Renewed uncertainty about Fed rate cuts triggered by hotter-than-expected inflation readings as well as escalating tensions in the Middle East, catalyzed the Dollar's massive climb during the week ended April 12. The U.S. dollar gained against the euro, the British pound, the Australian dollar as well as the Japanese Yen. The Dollar Index, which measures the Dollar's strength against a basket of 6 currencies also surged during the week.

The Dollar Index or DXY added 1.65 percent during the week ended April 12. The Index which was at 104.29 on April 5 rallied over the course of the week to close at 106.01. The week's trading range was slightly wider, with a low of 103.88 recorded on Tuesday and a 5-month high of 106.11 recorded on Friday.

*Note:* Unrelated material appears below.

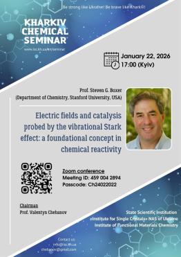 22 січня 2026 року о 17:00 відбулася лекція Харківського хімічного семінару (Kharkiv Chemical Seminar). Стівена Боксера професора хімії (Prof. Steven G. Boxer). Каміля Дрейфуса хімічного факультету Стенфордського університету (США).
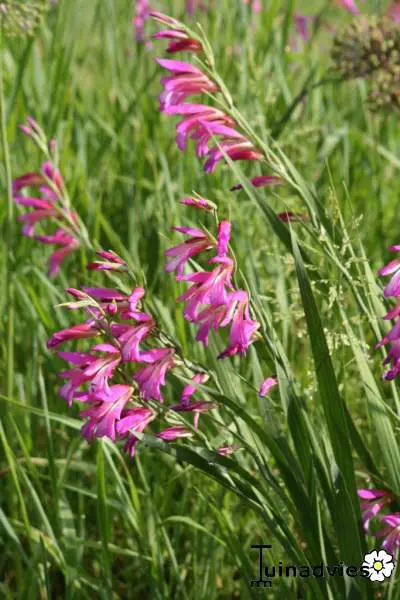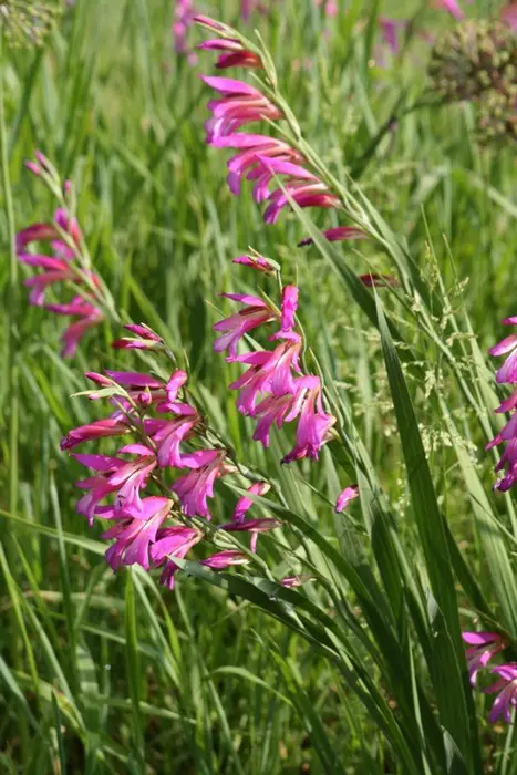 Gladiolus communis subsp. byzantinus heeft rechtopstaande zwaardvormige bladeren

Data released on Wednesday had showed the headline annual consumer price inflation in the U.S. jumping to 3.5 percent in March, from 3.2 percent in February, surpassing expectations of a reading of 3.4 percent. The core component thereof which was expected to fall to 3.7 percent, however remained steady at 3.8 percent. Inflation as well as core inflation on a month-on-month basis which was seen edging down to 0.3 percent, remained steady at 0.4 percent.

The Minutes of the Federal Open Market Committee held in mid-March which was also released on Wednesday revealed members not considering it appropriate to reduce rates until they had gained confidence that inflation was moving sustainably toward 2 percent.

Despite Fed Chair Jerome Powell's earlier hints of three rate cuts in 2024, markets drastically scaled back rate cut expectations in the backdrop of sticky inflation, helping lift the Dollar. A less-than-expected reading of producer prices did not have much effect on the Dollar's climb as markets digested the Fed's hints that a rate cut was not imminent.

The CME FedWatch tool that tracks the expectations of interest rate traders evidenced this change over the course of the week spanning April 8 to 12. The probability of a Fed rate cut in the review scheduled for mid-June dropped to 28 percent on April 12 from 51 percent on April 8. Likewise, rate-cut expectations for the July review dropped to 57 percent on April 12, from 70 percent on April 8. Whereas markets had on April 8 expected an 88-percent chance for a September rate cut, it declined to 77 percent by April 12.

The EUR/USD pair slipped 1.78 percent during the week ended April 12 amidst a sharp contrast in the monetary policy outlook by the Federal Reserve and the European Central Bank. The ECB in its decision announced on Thursday held rates steady while also acknowledging the effect of past interest rate increases that continued to weigh on demand and helped push down inflation. The firm rate cut hints by the ECB contrasted with the caution sounded in the recent Fed minutes, dragging down the euro. The pair slipped to 1.0642 from 1.0835 a week earlier. The weekly trading ranged between 1.0886 and 1.0622.

Amidst the greenback's strength, driven by the Fed's hawkish monetary policy outlook, the sterling plunged 1.47 percent during the week ended April 12. The GBP/USD pair declined to 1.2450 on April 12, from 1.2636 a week earlier. The sterling's weekly trading range was between $1.2711 and $1.2425. Data released on Friday had shown the U.K. economy expanded as expected by 0.1 percent in February, versus 0.3 percent in January.

The Aussie also could not withstand the Dollar's might powered by hawkish monetary policy outlook, slipping 1.75 percent against the greenback during the week spanning April 5 to 12. From the level of 0.6578 recorded on April 5, the AUD/USD pair dropped to 0.6463. The pair touched a high of 0.6646 on Tuesday and a low of 0.6456 on Friday. Data released on Monday had shown a downtick in the consumer confidence indicator and an uptick in the business confidence indicator.

The Japanese Yen slipped to a 34-year low against the U.S. Dollar in the backdrop of hotter-than-expected inflation readings in the U.S. The pair breached the psychological level of 153 during the week ended April 12, to close at 153.28 on Friday versus 151.61 on April 5. The pair climbed from a low of 151.56 on Monday to a high of 153.40 on Friday triggering widespread speculation about a regulatory intervention in the currency markets.

Amidst an easing in the geopolitical tensions in the Middle East and a higher-than-expected retail sales reading from the U.S, the Dollar Index has eased to 105.94. The EUR/USD pair has edged up to 1.0646 whereas the GBP/USD pair has increased to 1.2479. The AUD/USD pair has also gained to touch 0.6475. Amidst the yen's weakness, the USD/JPY pair has increased further to 154.30.